Wednesday, Nov.2 (DOY 306)
An encounter strategy meeting was held today to cover the period between Nov. 6 and Dec. 13, Enceladus, Dione and Titan encounters E-16, D-3 and T-79, and maneuvers 299-301.
Navigation Team and Science Planning and Sequencing Team members reviewed current trajectories with and without Orbit Trim Maneuver 298 (OTM-298), the final targeting maneuver for E-16 scheduled to execute today, and determined that OTM-298 was not needed. Consequently, OTM-298 was canceled.
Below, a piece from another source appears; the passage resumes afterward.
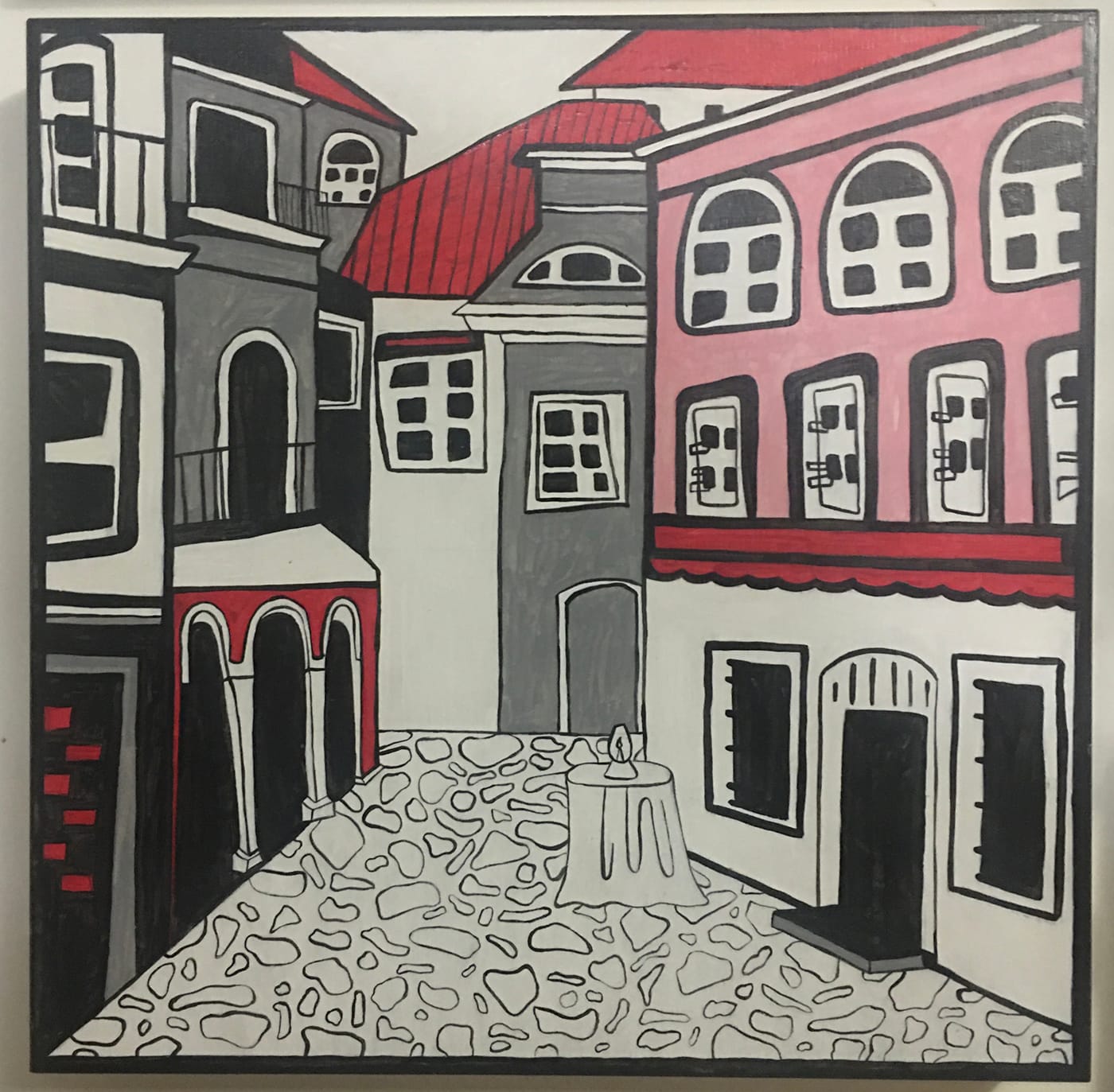 Michael Mahalchick (Brooklyn, New York): Hanging near my dining table is this untitled work by April Childers from 2015. It is 12 inches square and depicts a candlelit table in a quiet Italian street. The image, appropriated from the top of a take-out pizza box, is lovingly hand-rendered on a wood panel that also mimics the dimensions of the pizza box.

Thursday, Nov. 3 (DOY 307)
Science activities this week began with the final 15 hour Titan Exploration at Apoapsis (TEA) observation (in the set of TEAs begun last week) by the Composite Infrared Spectrometer (CIRS) and Imaging Science Subsystem (ISS). This was followed by a set of ISS astrometric observations of some of Saturn's small inner moons, and a CIRS 12 hour observation of Saturn to measure oxygen compounds (H2O, CO2) in the stratosphere. The Ultraviolet Imaging Spectrograph (UVIS), CIRS, and the Visual and Infrared Mapping Spectrometer (VIMS) completed an 11 hour observation of Saturn’s aurora, which was followed by the E-16 Enceladus flyby at 496 km altitude. The primary goal of this flyby was to perform the first close Synthetic Aperture Radar (SAR) measurements of an icy satellite to understand the structure and composition of the regolith directly below the surface, and to compare these data with similar measurements of Titan. In addition to the Radar observations, remote sensing measurements were made of Enceladus' plume on the inbound leg to aid in understanding the structure and morphology, temporal variability, and relationship to geological features and hot spots on the surface; on the outbound leg the surface of Enceladus was observed to obtain thermal and compositional data. UVIS made a long (5.25 hr) Dione observation to measure its UV spectral albedo and search for an exosphere, and then performed a calibration measurement of the star Spica. ISS made searches for objects in the L5 Lagrange regions of both Enceladus and Rhea. Lastly, Saturn auroral observations were led by UVIS, with repeated slews across the auroral oval, and ISS then performed a satellite search in the region around the Titan L4 Lagrange point.
Friday, Nov. 4 (DOY 308).
The main engine cover was closed today and will re-open on Sunday, Nov. 6. This was the 68th in-flight cycle of the cover.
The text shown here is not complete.